Today’s letters reflect again on the aftermath of the terrorist attack which happened in Manchester in the evening of Monday, 22nd of May 2017. This atrocity will engage us for some time to come. It should not be pushed into the background, nor should the questions to which this gives rise. After all, the surviving victims will have to face their whole lives to come to terms with what happened, so the least we can do is to try and keep on  asking the inconvenient questions. This time, we should not “draw a line and move on”. The first letter comes from our reader Roger Arthur:

Sir,

Why do hundreds of IS recruits, who have returned from action in the Middle East, remain at large in the UK? Is it because the Control Orders, which were designed to contain the risk, were deemed in breach of the European Law of Human Rights? It seems that the number detained is less than 10.

So a group of fundamentalists has declared war on non-believers, but the ECHR stops us from taking the kind of defensive action, which we would take in wartime.

After the UK has removed from the ECJ jurisdiction, then we should be better able to control the risk. Yes some might regard that as a “hard” Brexit, but it is not half as hard as leaving UK citizens open to the risk of death or disfigurement, from known terrorists.

Respectfully, Roger J. Arthur

The second letter is from our contributor and reader Alan Piper, who is standing as PPC in Barrow & Furness:

I and many others attended a vigil on Tuesday to reflect on the appalling events in Manchester. It was very moving. But before I left I read the condolences books and saw a comment from a young girl saying “this should not have happened”.

It struck me then, and I wrote under her comment, “this should never have been allowed to happen”. Because the hideous price paid by those poor murdered children and their shattered families has only come to pass because of the grown-ups who have let this happen.

And when I first saw the news on Tuesday, not for the first time it took the President of the United States to be the first to spell out who and what was responsible for the outrage unleashed on those children on Monday night, the Islamic-inspired, pure hatred for our way of life and their hell-bent determination to destroy it.

Our politicians still can not bring themselves to confront this simple truth and all the shock, virtue signalling and sombre words cannot disguise their collective culpability for this outrage.

But the politicians are not alone.
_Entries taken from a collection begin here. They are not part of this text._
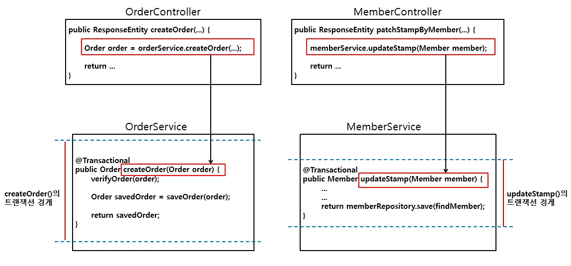 orderService.createOrder()→ saves order infomemberService.updateStamp()→ update stamp- If these two transactions are executed independently like this
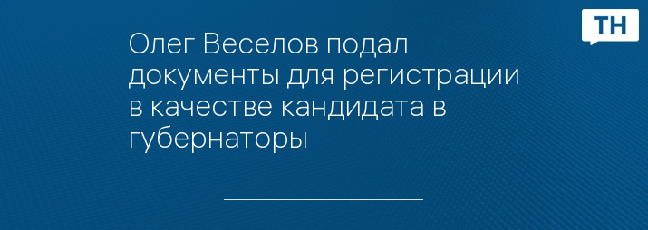 Олег Веселов подал документы для регистрации в качестве кандидата в губернаторы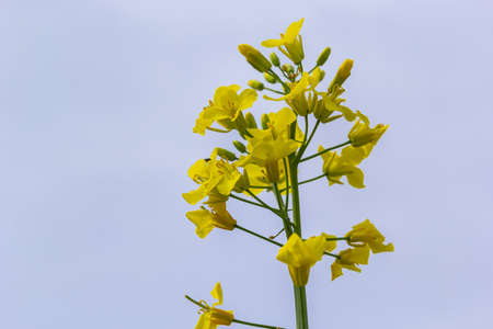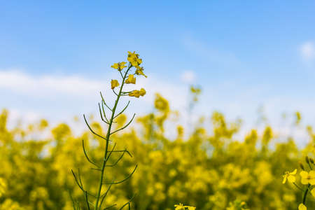 Detail of flowering rapeseed canola or colza field in rural british lands, plants for green energy and oil industry, rape seed flowering landscape with clear blue sky and blurry background

I remember the recent Archbishop of Canterbury Rowan Williams rather wearily welcoming Sharia to our shores as inevitable. And the contemporary Lord Chief Justice, Matthew something, doing the same.

And Tony Blair as Prime Minister extended the postal voting system, from relatively limited special interest groups to the entire electorate, irrespective of the manipulation and electoral fraud warnings that entailed. Later he too extended his welcome to the establishment of Sharia “courts”, which operate behind closed doors, all for electoral advantage.

As recently as the 29th April, a lady called Anne Marie Waters came to this town to speak about the reality of Sharia, and FGM, and honour killings, and the domestic and sexual slavery it entails. In this land.

Her “welcome” to Barrow was to have the venue, the Abbey House Hotel, withdrawn at very short notice on a pretext because they were too frightened to admit they had been threatened. Luckily another venue stepped in. And even more luckily, the events were televised because coincidentally, the election had been called only a couple of days earlier and a snippet of me speaking at the end of her presentation reached BBC2’s Newsnight and the Daily Express because I suggested, in a slightly agricultural fashion, that Mrs May was not to be trusted with Brexit.

But then I am a publican, not a politician. I am neither radical nor an extremist. But I predict it will require considerably more resolve from the likes of publicans and others, whose moral compasses have not been re-calibrated for reasons of gain or grandeur, to confront the source of this hatred.

My daughter is 14 and has visited the Arena. My wife and her friends were there as recently as last Saturday. The terrorist was known to the authorities. And 22 innocent people have been murdered with many more injured.

Today and for many days to come, our thoughts are with them. But tomorrow your thoughts may start moving to why this outrage happened and who is culpable.

And you may also wonder why so few people came to hear the incredibly brave Anne Marie Waters, who came to this town barely 4 weeks ago.

The path to hell is, truly, paved with good intentions. And some truly base ones too.

Respectfully, Alan Piper

The last letter is by our reader Vernon Yarker, reflecting on a question many of us are asking at this time when is seems as if prosecuting the crime of hate speech is the single most important task facing our police forces:

Sir,

Why  is it that we are not permitted to dislike Islamists. Such thoughts are racist according to our Liberal and Labour elite. Thus, remembering the 52 people killed in the London bombings – the 67 UK citizens killed in the twin towers – the 30 killed on a beach in Tunisia – the 28 killed in Bali, plus now a further 22 in Manchester … there have been other deaths in-between, and not forgetting that the above figures probably resulted in even more injuries, some that meant disablement for life, yet, it seems that the most that we can allow ourselves to think and say is that ‘sometimes Islamists are very naughty’. It is with deep regret that I must therefore ask: is it my duty to report myself to the authorities for entertaining unapproved thoughts?